Describing Curry as a “political insider” who “always puts politics first,” running “phony ads” as part of his “negative campaign,” that advertisement is the first negative foray run by the Brown campaign.
That’s the first negative ad from the Brown camp. Chances are that it won’t be the last. Even though they aren’t hosting it on their official YouTube channel, it arguably is the most important ad of the campaign.
Campaigns go negative when their polls tell them it’s a good idea, and we’ve seen a lot of hard-hitting material from the Curry side already. The fact that the incumbent’s operation is going negative means that their internal polls are telling them that they need to do so. That, perhaps, those negative spots from the Curry side are starting to leave marks.

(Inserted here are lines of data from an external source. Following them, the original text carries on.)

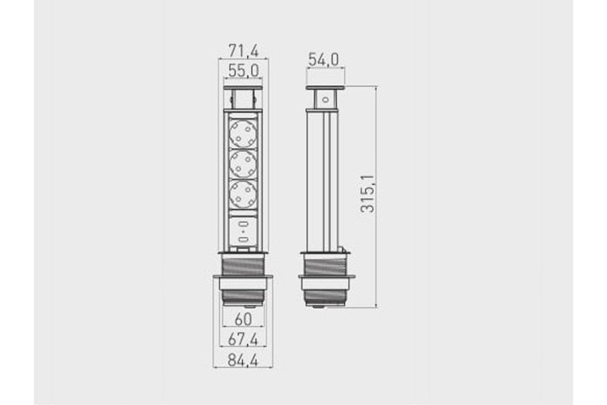 Extension cord d 60 3 sockets SCHUKO Black 220-240V AE-BPW3S60-20 GTV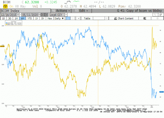 Küresel piyasalarda korunan nadir korelasyonlardan biri dolar endeksi ve emtia piyasası arasındaki ters korelasyon diyebiliriz. Yukarıdaki grafikte Mart ayı boyunca yükselen ve 23 Mart tarihinde zirve yapan Bloomberg Dolar Endeksi (BBDXY) etkisi aynı zaman dilimi içerisinde Bloomberg emtia endeksinin (BCOM) 59.50 düşük seviyesine doğru gerilemesini sağladı. Emtia piyasasında fiyatlamalar küresel para birimi olan Amerikan Doları cinsinden ve bu tarafta baskı kacınılmazdı. Bu duruma küresel ekonomik yavaşlama ve ürün yelpazesinin nerede ise tamamında etkili olan düşük talep beklentisi eklenince emtia piyasasında fiyatlar sert bir şekilde geriledi. Mayıs ayına girildiğinde hem covid-19 önlemlerinin kademeli olarak geri çekilmeye başlanması hem de talep tarafındaki kıpırdanma ile emtialar alıcıların dikkatini çekmeye başladı. Talep tarafında iyileşme BBDXY tarafında geri çekilme ile desteklenirse özellikle tarım ürünleri ve endüstriyel metaller tarafında yukarı yönlü hareketlenme görülebilir.
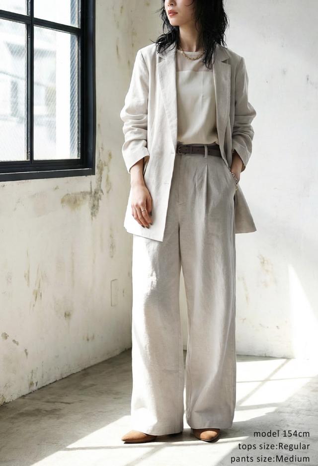 テーラードジャケット×シアートップス×タックパンツの3点コーデセット。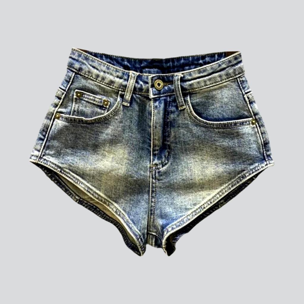 Erwecken Sie den Inbegriff des Sommertrends mit unseren Vintage- Jeansshorts für Damen aus der Sommerkollektion 2023 zum Leben! Eine Mischung aus City-Mode und Vintage-Flair. Diese Shorts zeichnen sich durch eine gerade Passform mit mittlerer Taille und einen Reißverschluss mit Knopfverschluss für einen lässigen und dennoch eleganten Look aus.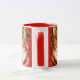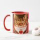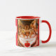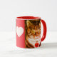 Striped cat on mug with red trim. White heart in center on red background.Art by Patricia Villa.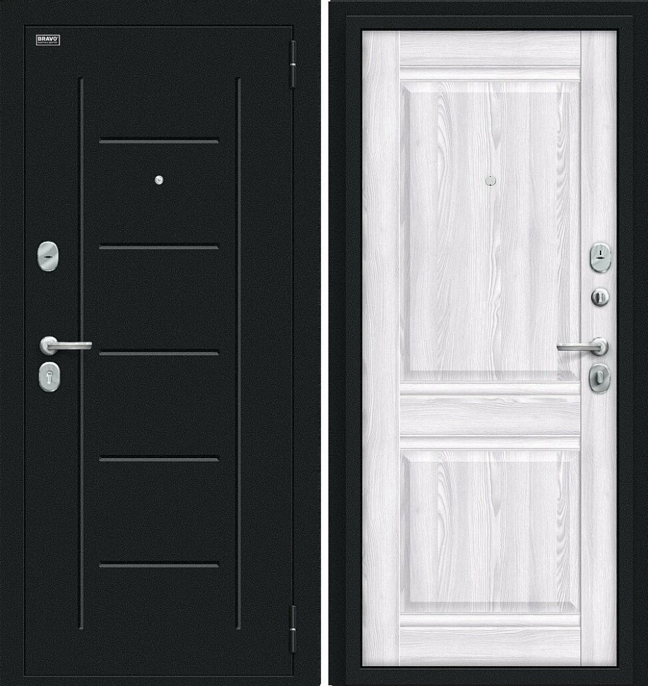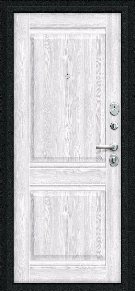 Надежная входная Дверь Браво Некст Kale Букле черное/Riviera Ice премиум класса по цене 35 933 руб. Большая толщина стали защитит от проникновения в ваш дом, квартиру или коттедж. Используется очень качественная фурнитура: замки, цилиндры, ручки, защелки. Покрытие и отделка двери изготовлено под внимательным контролем производителя. Дверь имеет долгий срок службы и гарантию.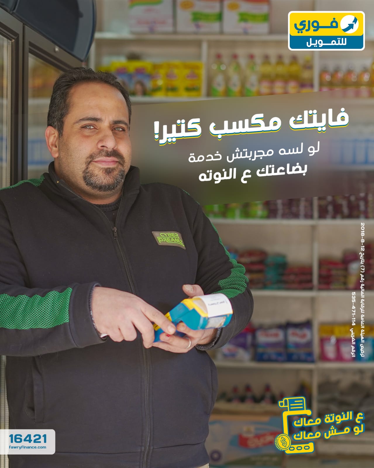 تُوفر شركة فوري للتمويل ، إحدى أكبر شركات التمويل في مصر، خدمة “بضاعتك ع النوته” للتجار حيث توفر رصيد مقدم للتاجر يصل إلى 150 ألف جنيه حيث يستطيع التاجر استخدام هذا الرصيد في دفع خدمات فوري المختلفة .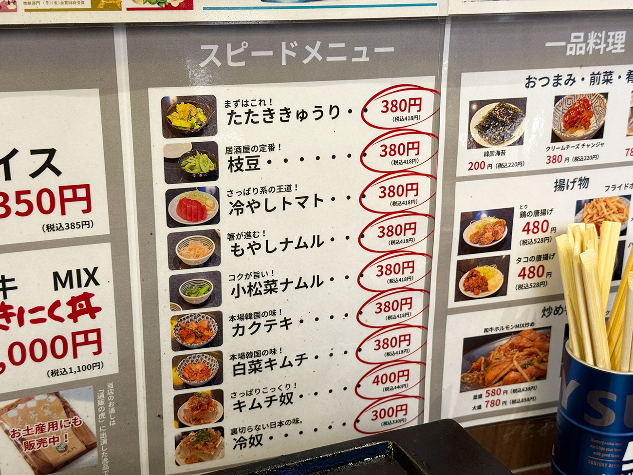 ここでサイドメニューをチェックしてみると、無難なおつまみが300円〜400円でいろいろ用意されていました。牛タン食べ放題500円と比べるとさすがに割高! 別にそのへんの居酒屋と同じくらいの価格帯なのに。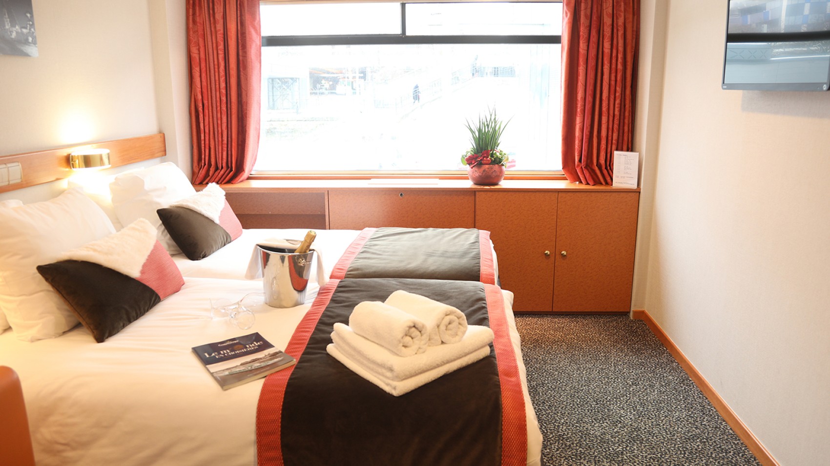The MS Seine Princess, a two deck river cruise ship, was built in 2002 and was recently renovated in 2011. This comfortable ship has a welcoming and refined atmosphere as well as superb service from the staff. The lounge is situated on the Upper Deck at the front of the ship to ensure you enjoy the best possible views of the passing scenery. The cruise manager and the ship’s crew arrange a comprehensive programme of activities throughout the day. The large sundeck is ideal to relax in the sun, or to admire the scenic countryside.

With early voting starting in just a few days, many Duval County voters are going to be making their choices well before Election Day. The increased incidence of negative advertising suggests that the Brown campaign doesn’t see its way clear to a majority in March. That means we will see two more months of campaigning, and a whole lot of opposition research will come to the fore.
The Brown side had, for weeks, attempted to draw a distinction between the “negative campaigning” of the Curry side and their spotless messaging. Now it seems that they are willing to sling mud themselves.